[[ The input, beginning ]]

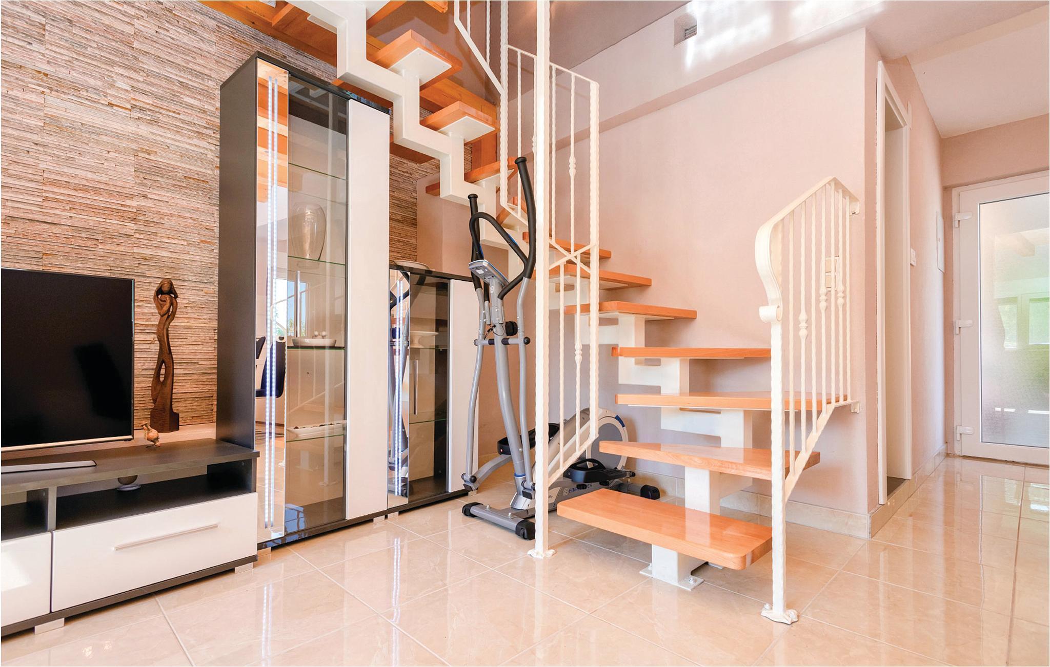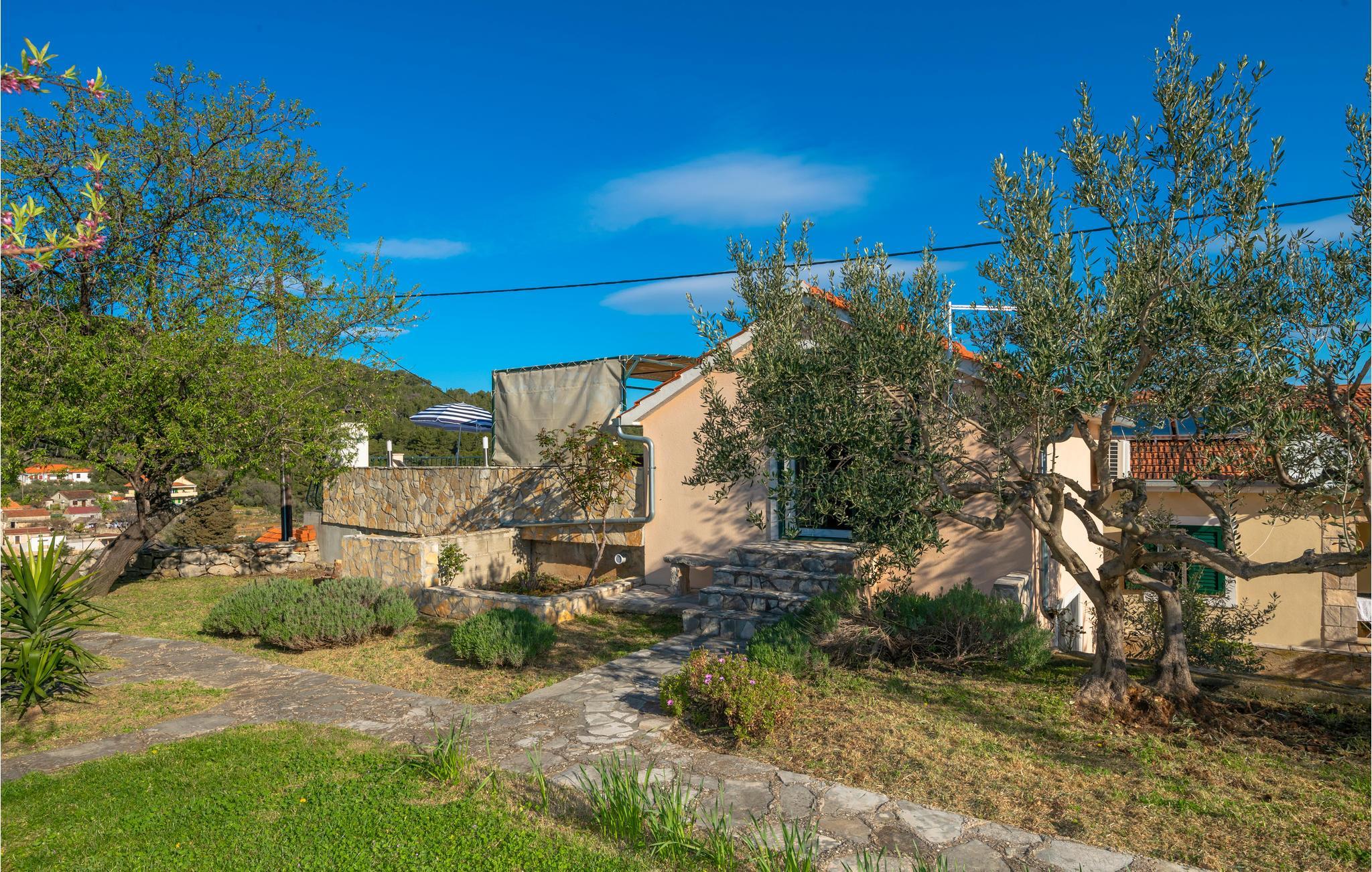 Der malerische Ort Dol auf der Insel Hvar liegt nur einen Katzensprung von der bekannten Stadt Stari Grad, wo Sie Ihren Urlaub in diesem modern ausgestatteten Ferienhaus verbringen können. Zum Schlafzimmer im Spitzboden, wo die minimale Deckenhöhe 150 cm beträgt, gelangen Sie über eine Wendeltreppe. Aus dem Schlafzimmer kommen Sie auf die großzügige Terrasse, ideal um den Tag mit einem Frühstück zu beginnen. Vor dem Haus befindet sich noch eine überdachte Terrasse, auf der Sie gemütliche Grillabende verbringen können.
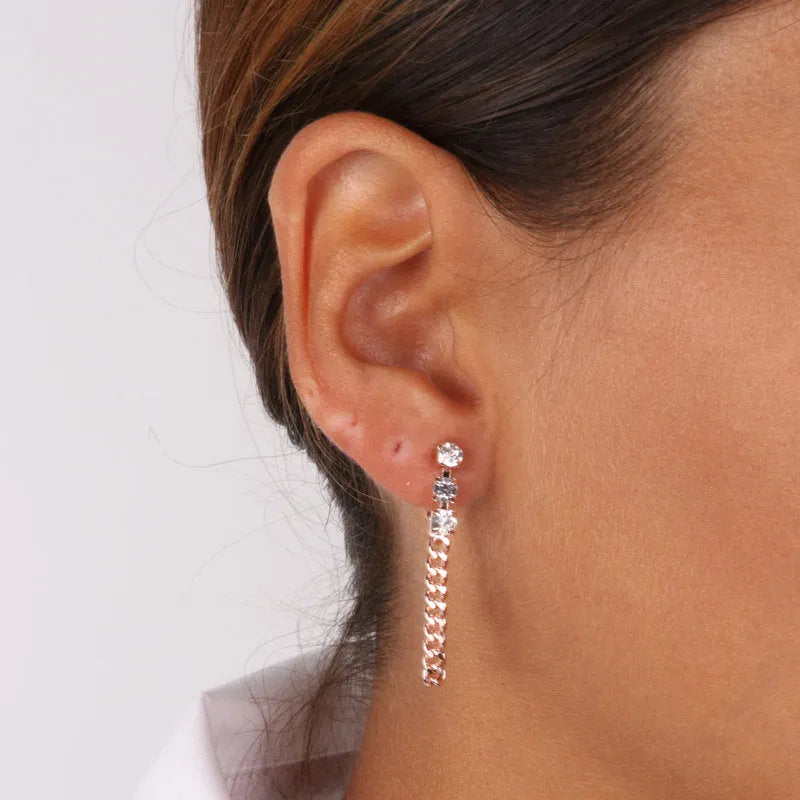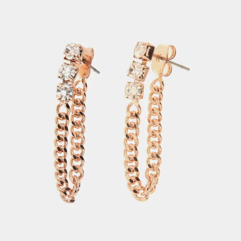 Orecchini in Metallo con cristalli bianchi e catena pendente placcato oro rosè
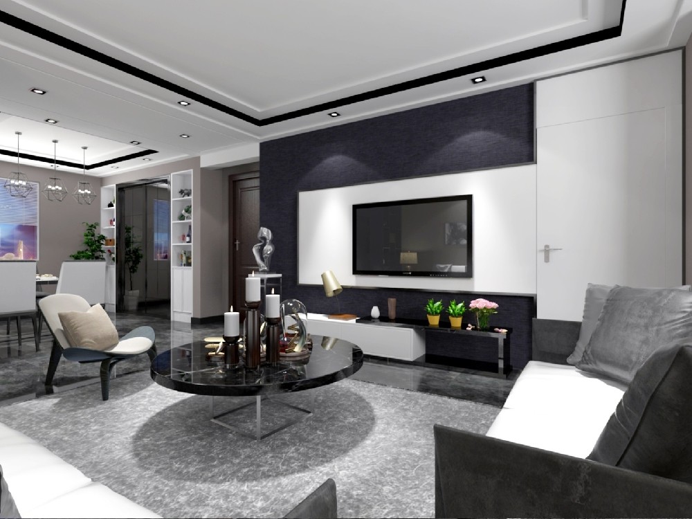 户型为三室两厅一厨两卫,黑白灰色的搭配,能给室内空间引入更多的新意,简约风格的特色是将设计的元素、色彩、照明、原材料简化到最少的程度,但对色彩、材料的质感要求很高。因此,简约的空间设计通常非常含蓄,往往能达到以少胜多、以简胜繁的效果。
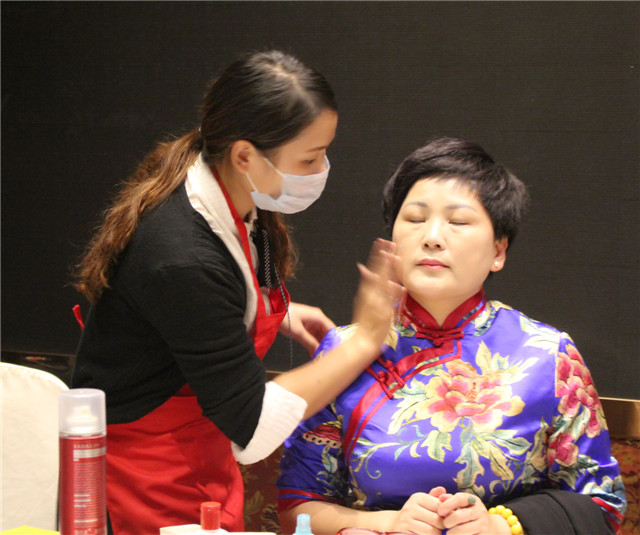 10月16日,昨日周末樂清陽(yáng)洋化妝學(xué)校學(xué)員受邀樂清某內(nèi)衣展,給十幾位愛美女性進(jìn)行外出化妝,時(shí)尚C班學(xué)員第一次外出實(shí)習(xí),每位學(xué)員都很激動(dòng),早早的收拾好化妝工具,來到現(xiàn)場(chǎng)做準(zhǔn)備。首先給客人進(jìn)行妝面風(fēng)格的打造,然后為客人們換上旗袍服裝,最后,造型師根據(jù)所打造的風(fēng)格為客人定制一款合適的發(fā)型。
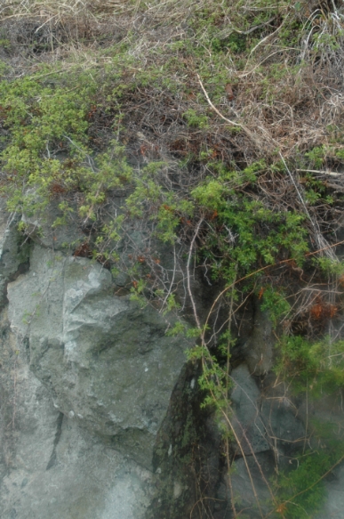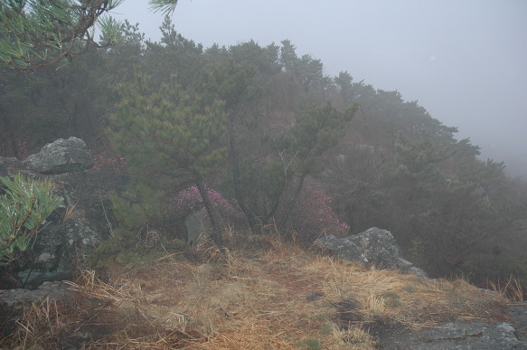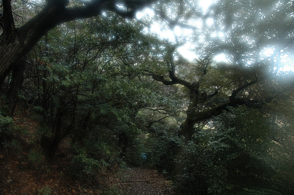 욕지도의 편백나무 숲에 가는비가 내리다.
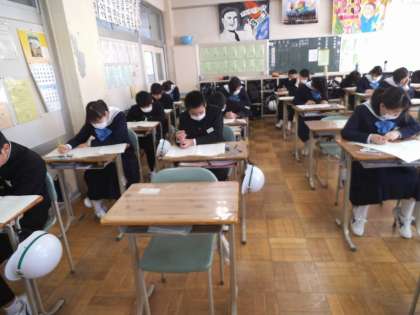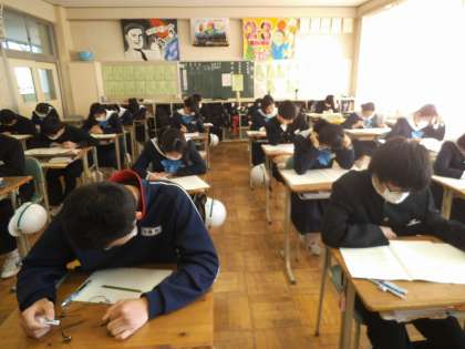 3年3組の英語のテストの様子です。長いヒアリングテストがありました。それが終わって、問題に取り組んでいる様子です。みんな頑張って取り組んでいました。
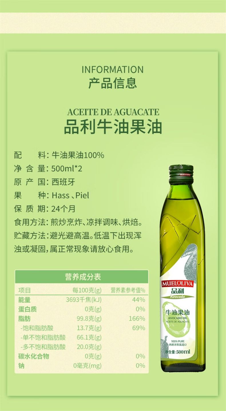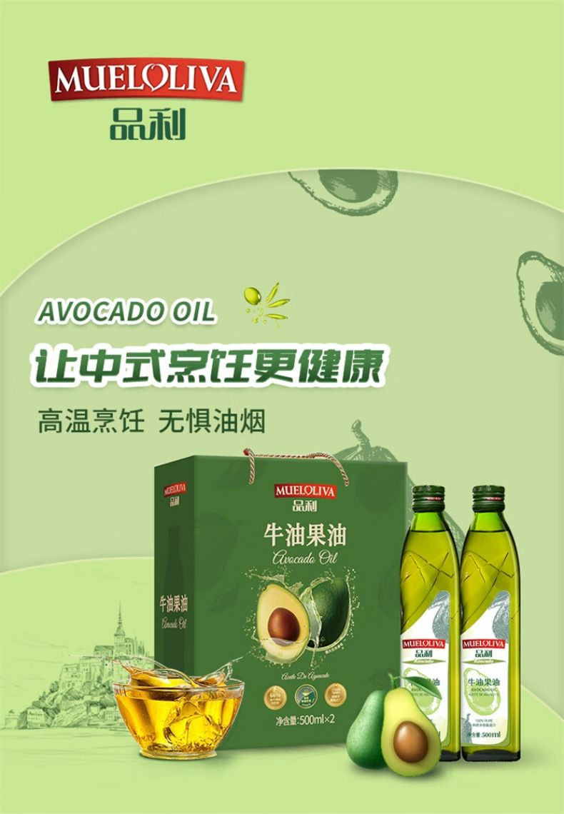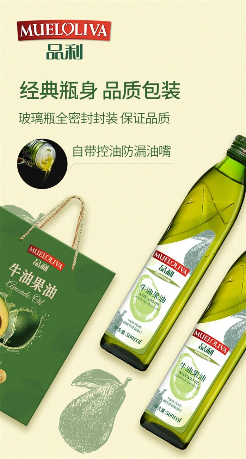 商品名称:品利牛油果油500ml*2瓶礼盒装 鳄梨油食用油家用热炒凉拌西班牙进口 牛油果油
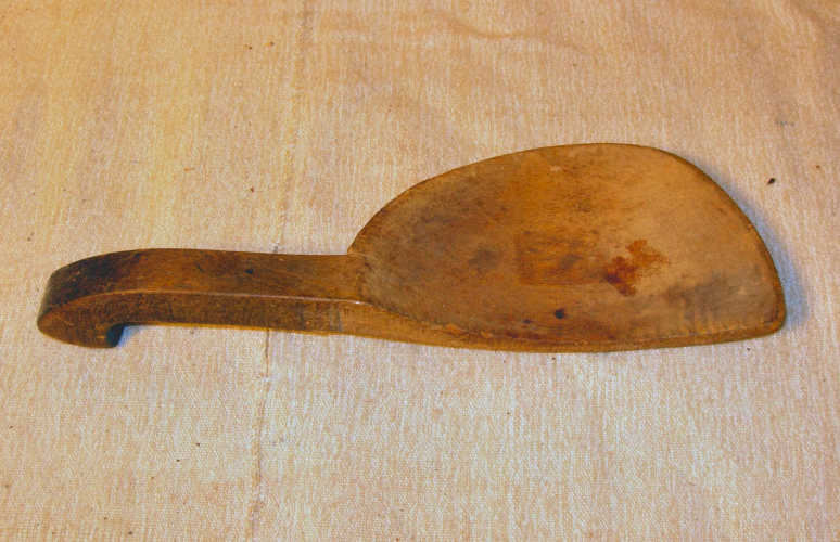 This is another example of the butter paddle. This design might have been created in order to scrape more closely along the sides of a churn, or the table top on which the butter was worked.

[[ The input, end ]]

Your assignment: Repeat, exactly and in full, all records above, but include no pictures.

Solution for this task:
 Der malerische Ort Dol auf der Insel Hvar liegt nur einen Katzensprung von der bekannten Stadt Stari Grad, wo Sie Ihren Urlaub in diesem modern ausgestatteten Ferienhaus verbringen können. Zum Schlafzimmer im Spitzboden, wo die minimale Deckenhöhe 150 cm beträgt, gelangen Sie über eine Wendeltreppe. Aus dem Schlafzimmer kommen Sie auf die großzügige Terrasse, ideal um den Tag mit einem Frühstück zu beginnen. Vor dem Haus befindet sich noch eine überdachte Terrasse, auf der Sie gemütliche Grillabende verbringen können.
 Orecchini in Metallo con cristalli bianchi e catena pendente placcato oro rosè
 户型为三室两厅一厨两卫,黑白灰色的搭配,能给室内空间引入更多的新意,简约风格的特色是将设计的元素、色彩、照明、原材料简化到最少的程度,但对色彩、材料的质感要求很高。因此,简约的空间设计通常非常含蓄,往往能达到以少胜多、以简胜繁的效果。
 10月16日,昨日周末樂清陽(yáng)洋化妝學(xué)校學(xué)員受邀樂清某內(nèi)衣展,給十幾位愛美女性進(jìn)行外出化妝,時(shí)尚C班學(xué)員第一次外出實(shí)習(xí),每位學(xué)員都很激動(dòng),早早的收拾好化妝工具,來到現(xiàn)場(chǎng)做準(zhǔn)備。首先給客人進(jìn)行妝面風(fēng)格的打造,然后為客人們換上旗袍服裝,最后,造型師根據(jù)所打造的風(fēng)格為客人定制一款合適的發(fā)型。
 욕지도의 편백나무 숲에 가는비가 내리다.
 3年3組の英語のテストの様子です。長いヒアリングテストがありました。それが終わって、問題に取り組んでいる様子です。みんな頑張って取り組んでいました。
 商品名称:品利牛油果油500ml*2瓶礼盒装 鳄梨油食用油家用热炒凉拌西班牙进口 牛油果油
 This is another example of the butter paddle. This design might have been created in order to scrape more closely along the sides of a churn, or the table top on which the butter was worked.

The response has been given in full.